The routine ends with 0.

In the example described above, including the display example of FIG. 2, the number of photographed frames, the number of remaining frames and the total number of frames are displayed, but the photographer is informed of various frame numbers. Since the purpose is to give, as will be described later, it is not necessary to display all the above three numerical values.

FIG. 7 shows the procedure of the data imprinting process and the film winding process in the camera with the data imprinting device according to one embodiment of the present invention, in which the frame feed pitch setting is "-6" to "-1". Is the case of. Similar to the case of FIG. 6, the processing of FIG. 7 is also performed by the camera control unit 10.

In FIG. 7, the routine is started from S100 at the same time when the photographing operation of the camera is completed.
Drive the winding motor 14 to wind the film with a predetermined screen feed amount. Here, the predetermined screen feed amount is a shooting screen width of 36 mm + shooting screen to data first line margin 0.5 mm + data character height 1 mm + data line margin 0.5 mm = 38 mm.

During the film winding operation, the winding amount is monitored by the pulse from the encoder 18, and the winding is stopped when the predetermined screen feed amount is reached. By such a winding operation, the photographing screen corresponding to the imprint data is taken up by the take-up spool 1 rather than the imprint head 15H.
Move to side 3. The data imprinting side end (rear end) of the photographing screen corresponding to the imprinting data is positioned 0.5 mm from the character imprinting portion of the imprinting head 15H on the take-up spool 13 side.

Next, in S115, the imprinted data content set in the data imprinting section 15 is set to the content of the first line. Then, in step S120, the data for one line is imprinted.

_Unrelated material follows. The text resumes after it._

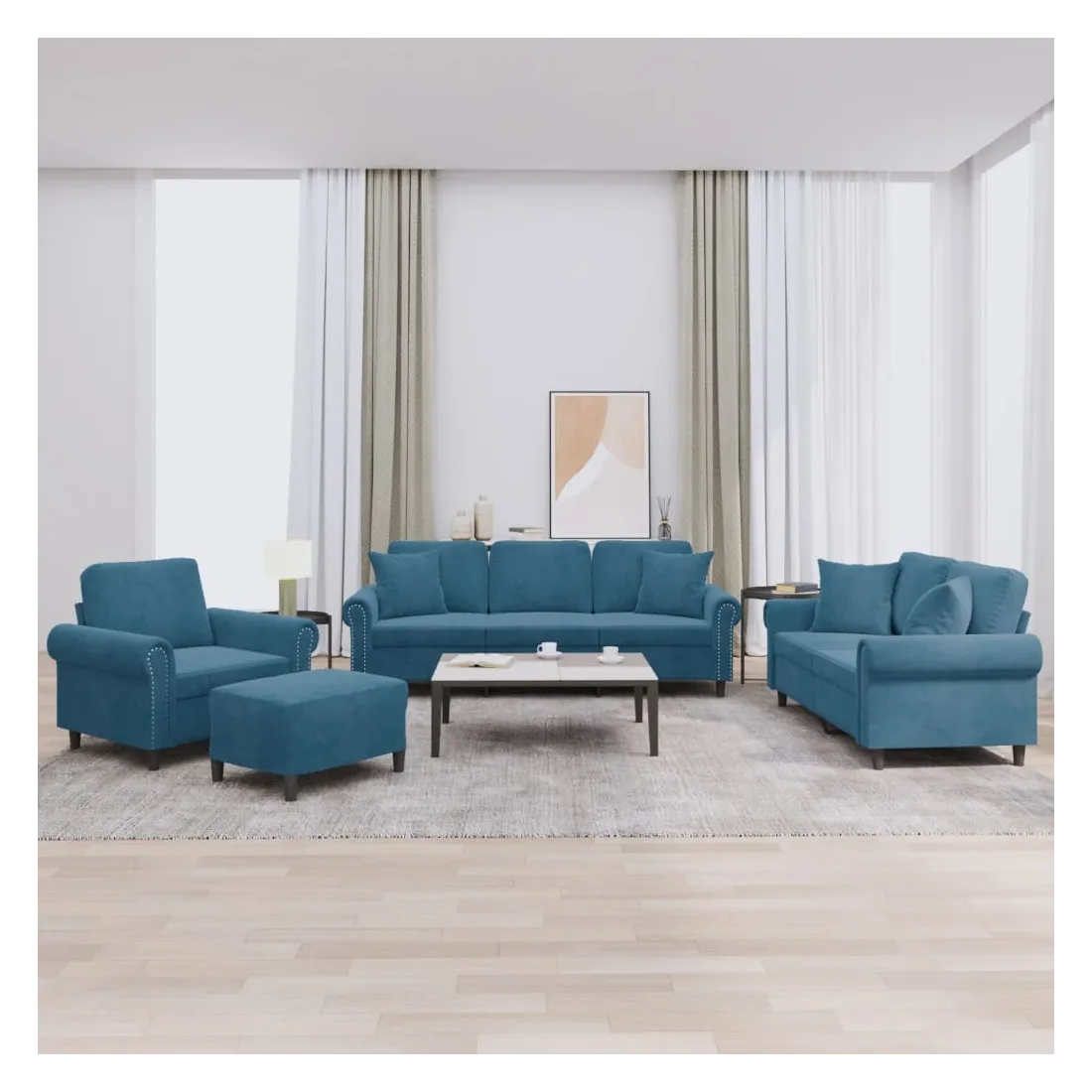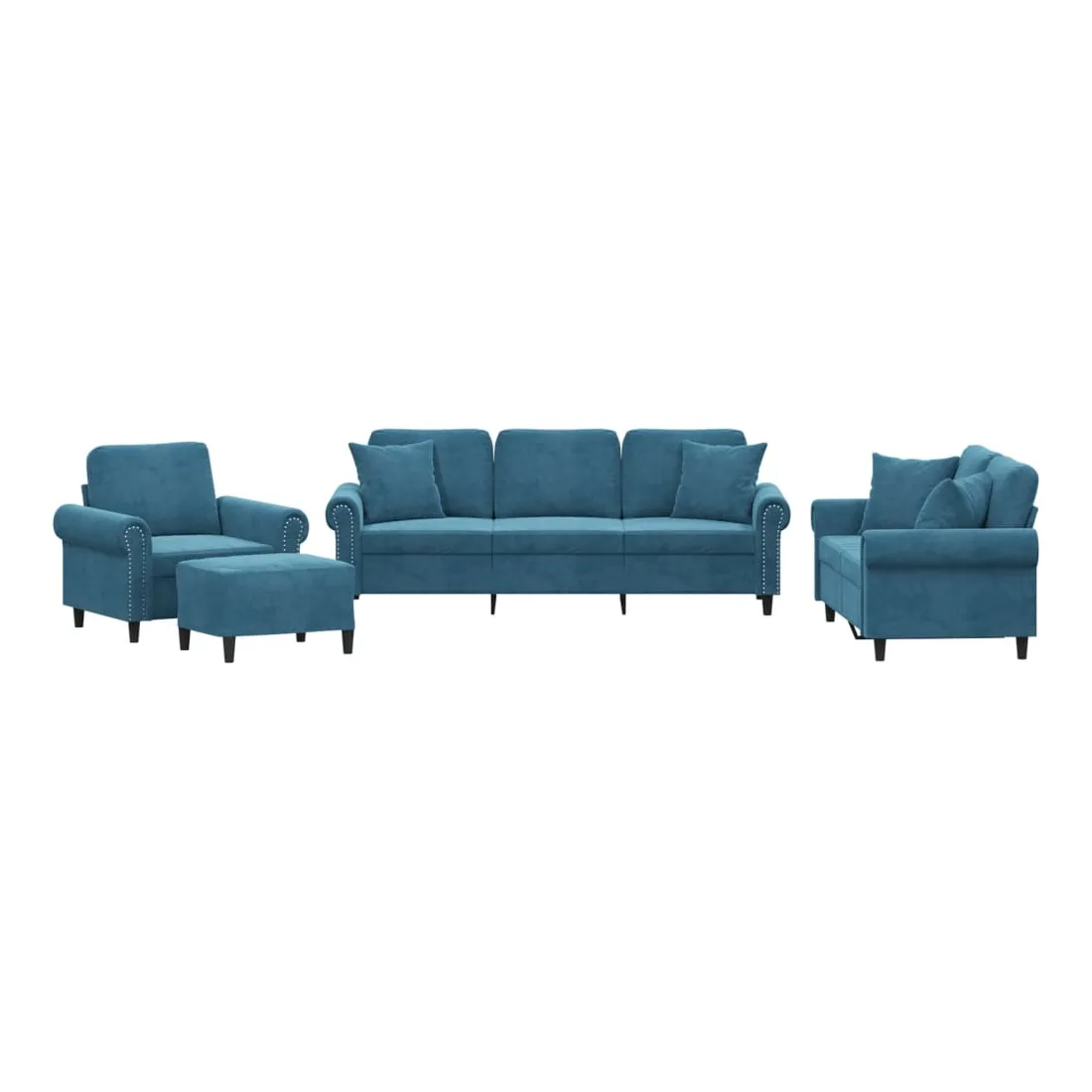 vidaXLCet ensemble de canapés est un excellent endroit pour discuter, lire, regarder la télévision ou simplement vous détendre. Il est destiné à être un point central de votre maison. Velours doux : le velours est un tissu doux et confortable, agréable au toucher.Structure robuste et stable : la structure en contreplaqué et en métal du canapé assure robustesse et stabilité.Expérience d'assise confortable : le canapé est très confortable avec le siège, les accoudoirs et les oreillers de dossier bien rembourrés.Oreillers de canapé pratiques : ces oreillers décoratifs carrés non seulement embellissent votre décor mais ils peuvent également apporter un confort supplémentaire lorsque vous êtes assis ou allongé.Pouf polyvalent : ce repose-pied convient pour reposer vos pieds lorsque vous êtes allongé dans un canapé ou pour vous offrir un siège supplémentaire dans votre pièce. De plus, le design simple et la taille compacte le rendent idéal pour presque tous vos espaces de vie.

Next, in step S130, it is determined from the information from the data imprinting section 15 whether or not the imprinting of the data row to be imprinted is completed. If the data imprinting is not completed, that is, if the data imprinting unit 15 is set to imprint a plurality of lines of data, the process proceeds to S140. S1
In 40, the take-up motor 14 is driven to wind the film for the line feed of the imprinted data, that is, the data character height + line spacing margin (1 mm + 0.5 mm = 1.5 mm). Also in this winding operation, the winding amount is monitored by the pulse from the encoder 18, and the winding is stopped when a predetermined imprint data line feed amount is reached. After the stop, in S150, the imprinted data content set in the data imprinting section 15 is line-wrapped to be changed to the content of the next line, and the process returns to S120 to imprint the data of the next line. Such processing is continued until the imprinting of all the imprinted data rows set in the data imprinting section 15 is completed.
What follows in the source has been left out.